Мама соглашается со всем, что я сказала, и я могу слышать враждебность в голосе Лорен.
— Но уже начало шестого, мам, — нажимает она.
— Она в порядке, — отмахивается мама. — Сейчас я больше не хочу слышать ни единого слова об этом. Особенно не при твоем отце. Последние несколько недель он был слишком занят на работе и не нуждается в дополнительной головной боли.
— Хорошо, — с раздражением говорит Лорен, когда уходит вместе со своими детьми.
По пути она одаривает меня злым взглядом.
— Ханна, — зовет мама с кухни.
Я проглатываю страх, что меня поймали.
Мама строго машет мне половником.
— Лорен права.
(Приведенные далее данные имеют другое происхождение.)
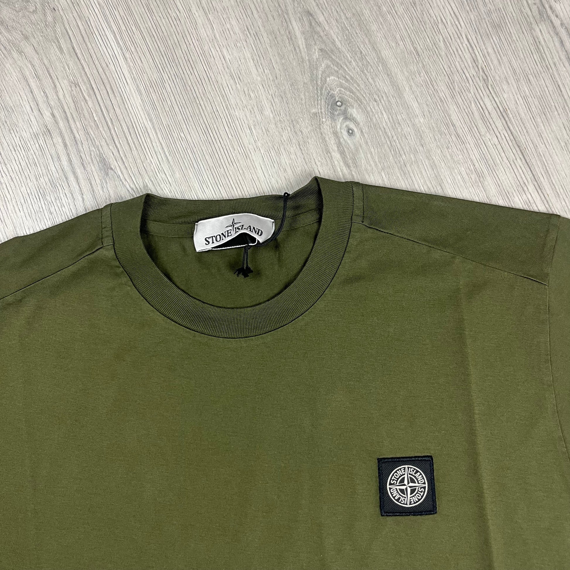 Men¡¯s Stone Island T-shirt in Olive Green?with patch logo on the chest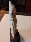 Asian Oriental Figurine Hand Carved 11” Tall W/wood Base Great Condition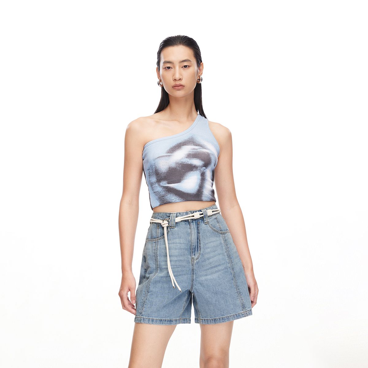 高腰磨破短款牛仔裤女2025夏不规则毛边破洞设计短裤 094995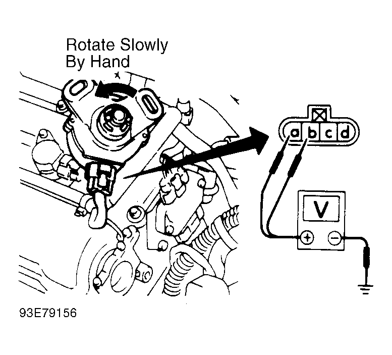 3. Measure voltages while rotating distributor by hand. Voltage should fluctuate 0-5 volts. If either voltage signal does not fluctuate 0-5 volts, check harness for short or open circuit. If no problems are found, replace CKP sensor.

Пять часов — это слишком поздно.
Я тереблю кончик косы.
— Я знаю, извини. Был такой прекрасный день, поэтому я выбрала живописный маршрут к дому. Мне, правда, очень жаль, мама.
— Больше не делай так, — она указывает на мой фартук, висящий на стене. — Надевай его и помоги мне с ужином.
Я быстро делаю, что мне сказали, благодарная, что она больше ничего не говорит. Я задерживаюсь каждую неделю, но она никогда не говорит об этом отцу, вероятно, не желая портить ему настроение, что нам обеим на руку.
Интересно, все родители ведут себя со своими восемнадцатилетними детьми так, будто им двенадцать? Позволят ли мне когда-нибудь уходить из дома или оставаться подольше на каком-нибудь мероприятии или у кого-нибудь дома, не спрашивая на это разрешения?
Я давно знаю ответ на этот вопрос — нет. Если не родители, то мой муж будет тем, кто будет говорить, что делать, который, как они уверены, будет всегда прав, как глава семьи, по Божьей воле.
Но что, если я не хочу верить именно в то, во что верят они? Что тогда?
Разве я не должна иметь возможность выбрать собственный жизненный путь?
Хотела бы я знать ответы на эти вопросы.
Остальная часть недели протекает медленно в ожидании вечера пятницы, как и последние пять лет. Я даже не могу описать свою радость, когда, наконец, открываю дверь в дом Шепардов.
Нахожу свободное пространство среди множества незнакомых тел. Среди незнакомых тел женского пола. Я сдуваюсь, как шарик, пробитый иглой.
Сэм на кухне, наблюдает за ними, ее глаза, в основном, сосредоточены на Тэге, который в одиночестве сидит в кресле, на его коленях нет девушки (необычное зрелище). Не могу сказать того же о Дэне; его девушка не на его коленях, но нависает над ним. Надеюсь, что никогда не буду выглядеть такой отчаянной. Единственное, что меня успокаивает, это скучающее выражение на его лице.
Я перевожу взгляд на Сэм, когда направлюсь в ее комнату, чтобы переодеться. Сэм уже что-то приготовила мне на кровати — слишком открытое платье. Я знаю, она не ожидает от меня того, что я его надену, но ей нравится постоянно предлагать мне откровенные шмотки в надежде, что я поменяю свое мнение.
Сегодня вечером я подумываю об этом.
Я всерьез подумываю пойти туда в этом и вести себя, как те девушки. И, возможно, я даже смогу привлечь внимание Дэнни, заставить его посмотреть на меня с похотью, возможно, немного пофлиртовать.
Я трясу головой, чтобы очистить ее от нелепых идей. Этого никогда не произойдет.
Сегодня теплый вечер, поэтому я переодеваюсь в удлиненные шорты, которые заканчиваются чуть выше коленей. Стягиваю свою кофту, но мне не совсем комфортно быть одетой только в белую майку и шорты, так что я хватаю одну из танцевальных рубашек Сэм. Она достаточно свободно свисает с моих плеч и оголяла бы мой живот, если бы не майка.
Сэм все еще на кухне, когда я беру газировку. Я делаю большой глоток и проглатываю его, позволяя миксу из сассафраса и винтергрина (грушанки) охладить и отвлечь меня.